→ Work to complete
Could you copy exactly the lines below, beginning at the line with "Пакет подарочный новогодний" and stopping after the line with "Fashion Round Neck", with no pictures?

→ Records supplied
========================

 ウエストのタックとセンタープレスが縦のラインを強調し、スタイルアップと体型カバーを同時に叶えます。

========================

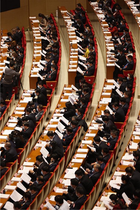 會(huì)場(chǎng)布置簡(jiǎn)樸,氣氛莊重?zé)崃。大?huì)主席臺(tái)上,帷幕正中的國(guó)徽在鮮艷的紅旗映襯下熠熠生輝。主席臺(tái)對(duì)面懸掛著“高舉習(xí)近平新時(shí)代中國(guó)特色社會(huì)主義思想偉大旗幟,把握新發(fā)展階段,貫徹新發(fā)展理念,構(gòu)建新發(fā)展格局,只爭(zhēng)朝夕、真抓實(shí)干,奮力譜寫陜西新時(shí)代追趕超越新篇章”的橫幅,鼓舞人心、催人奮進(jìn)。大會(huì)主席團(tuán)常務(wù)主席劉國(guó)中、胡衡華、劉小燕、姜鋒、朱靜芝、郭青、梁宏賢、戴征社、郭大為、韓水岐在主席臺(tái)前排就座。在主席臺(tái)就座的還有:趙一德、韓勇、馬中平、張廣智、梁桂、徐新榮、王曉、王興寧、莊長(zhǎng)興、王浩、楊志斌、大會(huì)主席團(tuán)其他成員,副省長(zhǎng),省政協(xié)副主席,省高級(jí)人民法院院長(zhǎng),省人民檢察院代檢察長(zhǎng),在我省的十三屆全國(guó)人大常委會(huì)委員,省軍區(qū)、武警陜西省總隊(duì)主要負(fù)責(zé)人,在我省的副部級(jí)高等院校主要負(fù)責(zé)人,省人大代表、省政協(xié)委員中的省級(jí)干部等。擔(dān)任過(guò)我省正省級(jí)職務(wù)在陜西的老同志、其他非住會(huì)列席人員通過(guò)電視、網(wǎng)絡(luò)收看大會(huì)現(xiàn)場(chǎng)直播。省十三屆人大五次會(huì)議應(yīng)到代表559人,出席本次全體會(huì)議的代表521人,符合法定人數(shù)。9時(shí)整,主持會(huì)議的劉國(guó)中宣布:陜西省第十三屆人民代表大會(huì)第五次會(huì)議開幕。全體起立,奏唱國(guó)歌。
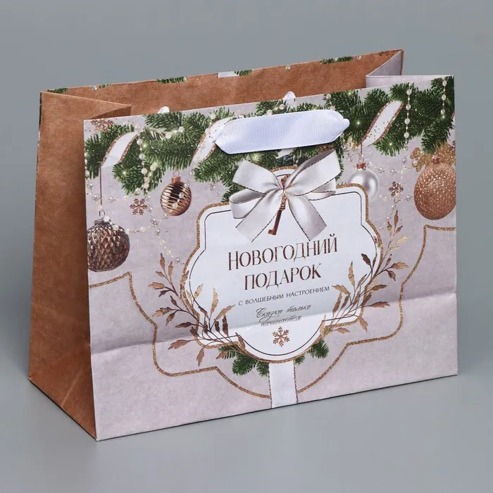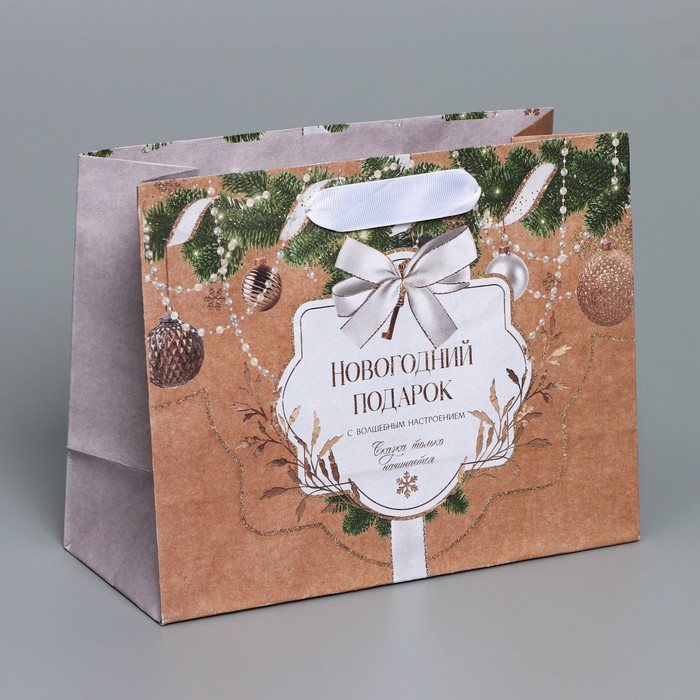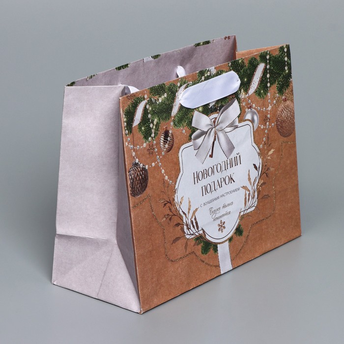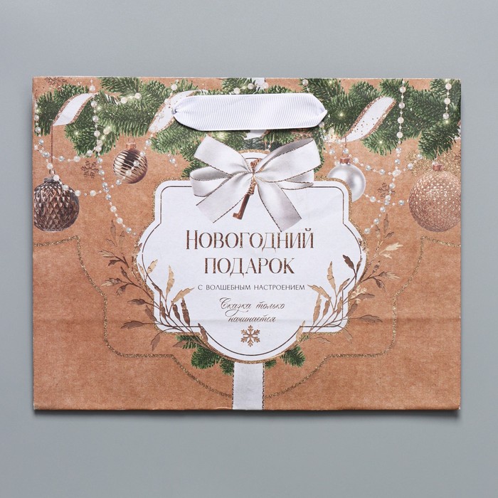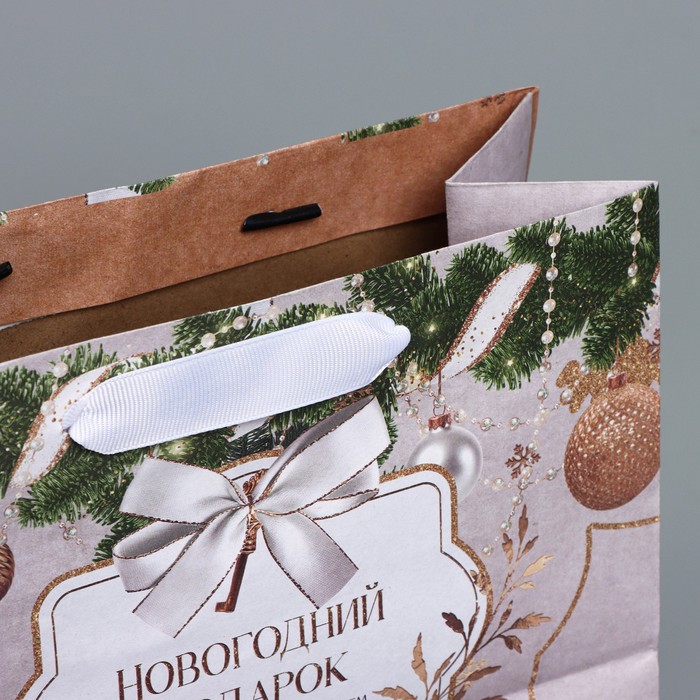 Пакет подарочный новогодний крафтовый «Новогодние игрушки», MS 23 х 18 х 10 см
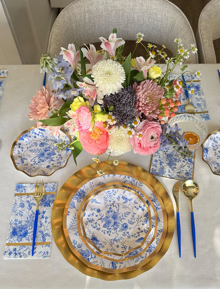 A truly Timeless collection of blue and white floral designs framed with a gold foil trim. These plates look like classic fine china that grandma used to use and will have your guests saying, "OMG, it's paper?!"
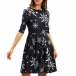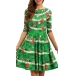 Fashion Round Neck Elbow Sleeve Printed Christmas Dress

========================

→ Your response
 Пакет подарочный новогодний крафтовый «Новогодние игрушки», MS 23 х 18 х 10 см
 A truly Timeless collection of blue and white floral designs framed with a gold foil trim. These plates look like classic fine china that grandma used to use and will have your guests saying, "OMG, it's paper?!"
 Fashion Round Neck Elbow Sleeve Printed Christmas Dress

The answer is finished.